For this exercise, output exactly the lines from the opening line of the listing through the line with "2021 NGC MS-70", skipping pictures.

━━━━━━

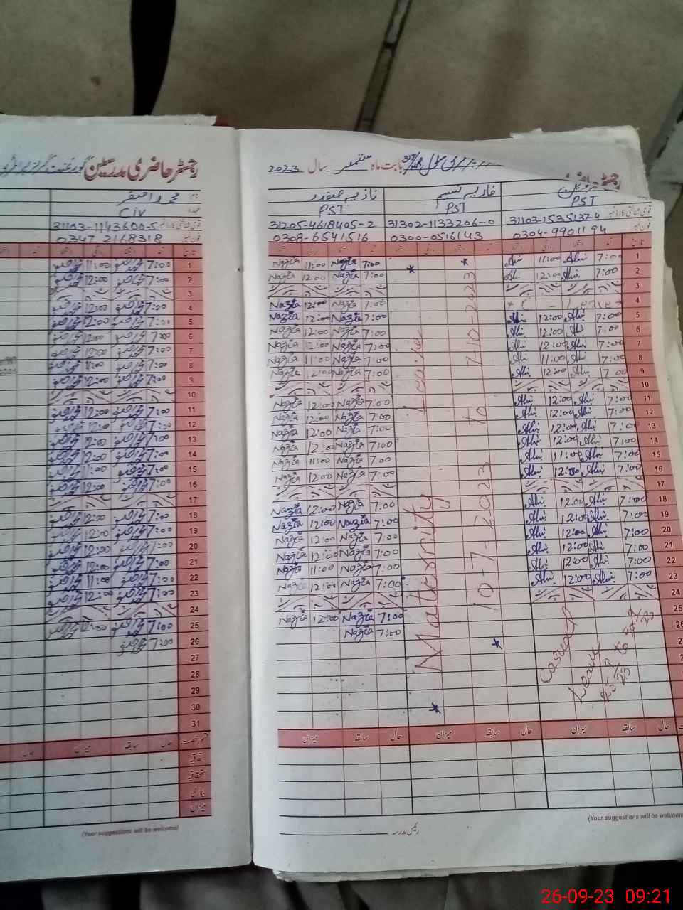 | Leave | Duty | Absent | Maternity | Medical | Ex- Pak |
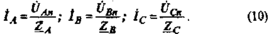 3. Определяются токи в фазах нагрузки (линейные токи) ỈA,ỈB,ỈC. Согласно закону Ома в комплексной форме
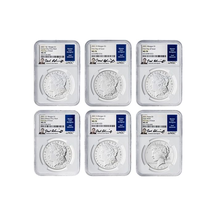 2021 NGC MS-70 First Day of Issue Morgan and Peace Dollar Silver 6-Coin Set - Joel Iskowitz Labels
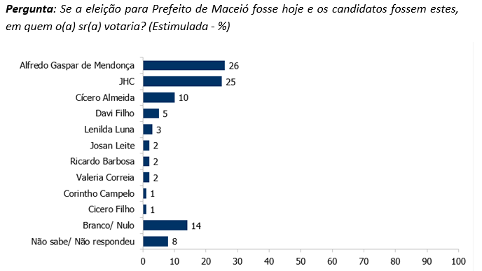 De acordo com o levantamento, os candidatos Alfredo Mendonça (MDB) e JHC (PSB) estão tecnicamente empatados com 26% e 25%, respectivamente. Em seguida, aparecem o ex-prefeito Cícero Almeida (DC) com 10%, Davi Filho (PP) com 5%.
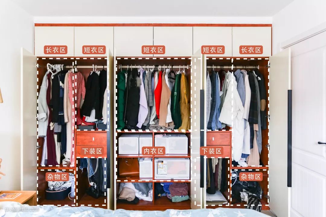 一般来说,衣柜的分区大致分为挂衣区、层板区和抽屉区,分区不同,存放的衣物也不一样。

━━━━━━

Solution to this problem:
 | Leave | Duty | Absent | Maternity | Medical | Ex- Pak |
 3. Определяются токи в фазах нагрузки (линейные токи) ỈA,ỈB,ỈC. Согласно закону Ома в комплексной форме
 2021 NGC MS-70 First Day of Issue Morgan and Peace Dollar Silver 6-Coin Set - Joel Iskowitz Labels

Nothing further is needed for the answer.